ModelWrapper
Primary API for zero-copy model sharing with nn.Module models.
Overview
ModelWrapper provides a unified API for wrapping models that supports both task and actor execution modes:
from_model()- Create wrapper from model/pipelinefor_tasks()- Convenience method for task modeload()- Load model in actorSupports both task and actor execution modes
ModelWrapper Class
- class ray_zerocopy.model_wrappers.ModelWrapper(skeleton, model_info, is_standalone_module=False, mode='actor')[source]
Bases:
WrapperMixin[T],Generic[T]A unified serializable wrapper with zero-copy loading for nn.Module and Pipeline objects.

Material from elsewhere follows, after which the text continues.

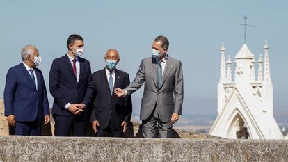 En los momentos previos al acto se ha podido ver la cercanía en especial de los primeros ministros, Pedro Sánchez y António Costa, ambos socialdemócratas. “Perdona, António, pero no te puedo dar un abrazo”, le ha dicho Sánchez a Costa. El Rey también se ha disculpado con De Sousa por no poder estrecharle la mano. A su llegada a la alcazaba de Badajoz, donde se producía el primer acto simbólico, que se ha rematado con otro en el castillo de Elvas, en Portugal, el Rey ha lanzado la mano a Sánchez, que le esperaba, pero inmediatamente ha rectificado y ambos se han saludado con un gesto, sin tocarse. Los dos jefes de Estado y los dos primeros ministros llevaban en todo momento puesta la mascarilla, que solo se han quitado en el momento solemne de los himnos y la foto de familia. En Badajoz, durante la visita, se han escuchado gritos de apoyo a la monarquía pero también protestas y gritos de “gastos reales para escuelas y hospitales”.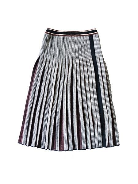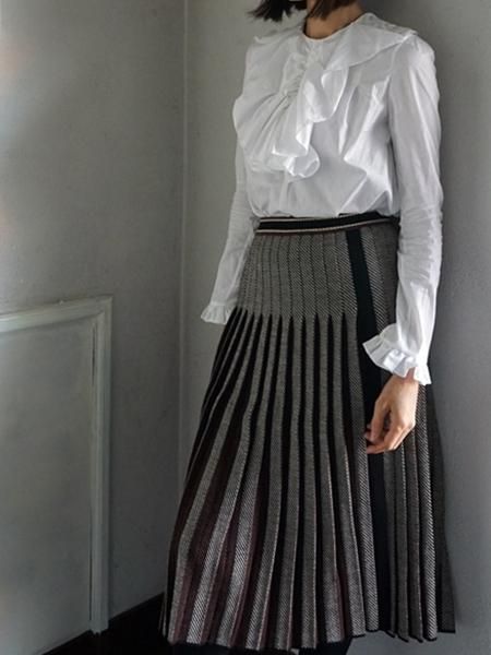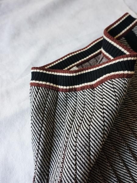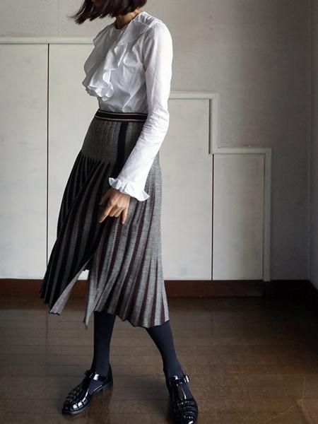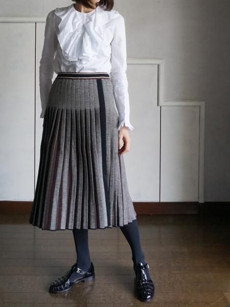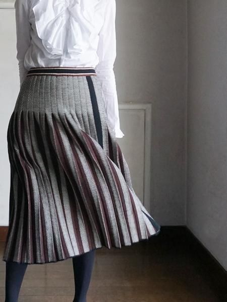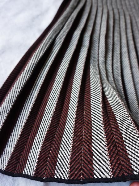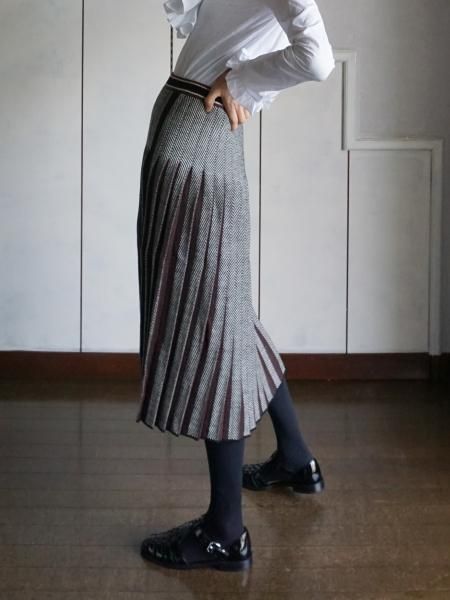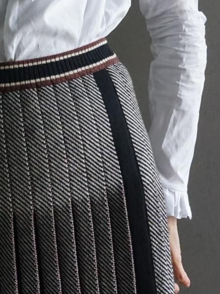 ブラックホワイトのへリンボーンの編地のニットスカートは、プリーツの間にブラウンを挟んであります。

Supports both task-based and actor-based execution modes: - Task mode: Models are executed via Ray tasks with zero-copy loading - Actor mode: Models are prepared for loading in Ray actors with zero-copy
- skeleton
The skeleton of the model or pipeline
- model_refs
A dict of Ray object references to the model tensors
- is_standalone_module
Whether the model or pipeline is a standalone module
- mode
Execution mode - “task” or “actor”
- model_info
Model info dict with method tracking (task mode) or just refs (actor mode)
Examples
Task Mode (using for_tasks shortcut):
>>> from ray_zerocopy import ModelWrapper >>> model = YourModel() >>> rewritten = ModelWrapper.for_tasks(model) >>> result = rewritten(data) # Callable pipeline >>>
Task Mode (using from_model + load):
>>> wrapper = ModelWrapper.from_model(model, mode="task") >>> rewritten = wrapper.load() # Get callable pipeline >>> result = rewritten(data)
Actor Mode:
>>> wrapper = ModelWrapper.from_model(model, mode="actor") >>> >>> class InferenceActor: ... def __init__(self, model_wrapper): ... self.model = model_wrapper.load() # Inside an actor's __init__ ... def __call__(self, batch): ... return self.model(batch["data"]) >>> >>> ds.map_batches( ... InferenceActor, ... fn_constructor_kwargs={"model_wrapper": wrapper}, ... compute=ActorPoolStrategy(size=4) ... )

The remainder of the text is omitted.